Required action => Go through the data below and transcribe it exactly. Omit the images.

Data shown =>
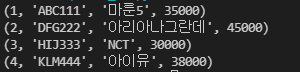 #cursor.execute(INSERT_SQL, ('KLM444','아이유', 38000))
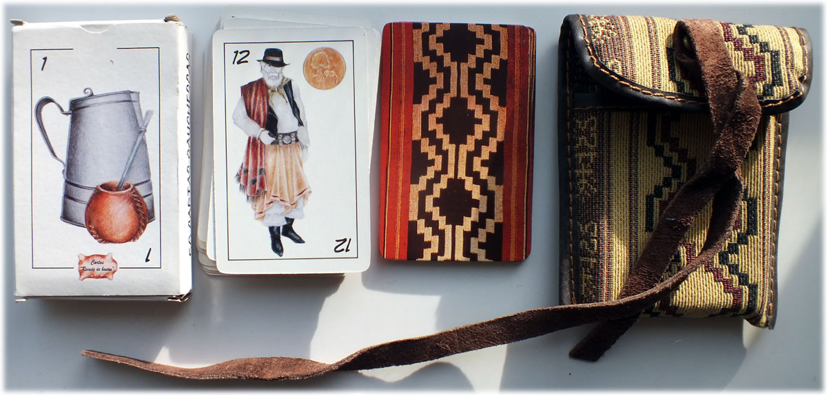 Above: Recado de Bastos (‘Gaucho Scrapbook’) Gaucho-themed deck from Argentina, anonymous manufacturer. 48 cards + 2 jokers in box in pouch with leather ties. The courts are repeated in each suit.
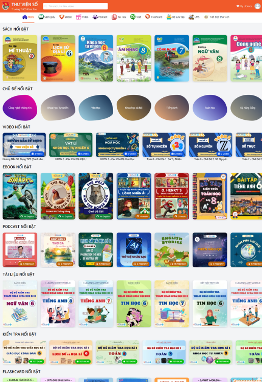 Ebook: Nhà trường cung cấp Ebook bộ sách giáo khoa, Ebook sách giáo viên mà trường đã chọn lựa và các Ebook học tiếng Anh bằng AI hay eBook tham khảo lên thư viện số để học sinh và giáo viên tham khảo khi không mang sách giấy bên cạnh.

Result of this exercise =>
 #cursor.execute(INSERT_SQL, ('KLM444','아이유', 38000))
 Above: Recado de Bastos (‘Gaucho Scrapbook’) Gaucho-themed deck from Argentina, anonymous manufacturer. 48 cards + 2 jokers in box in pouch with leather ties. The courts are repeated in each suit.
 Ebook: Nhà trường cung cấp Ebook bộ sách giáo khoa, Ebook sách giáo viên mà trường đã chọn lựa và các Ebook học tiếng Anh bằng AI hay eBook tham khảo lên thư viện số để học sinh và giáo viên tham khảo khi không mang sách giấy bên cạnh.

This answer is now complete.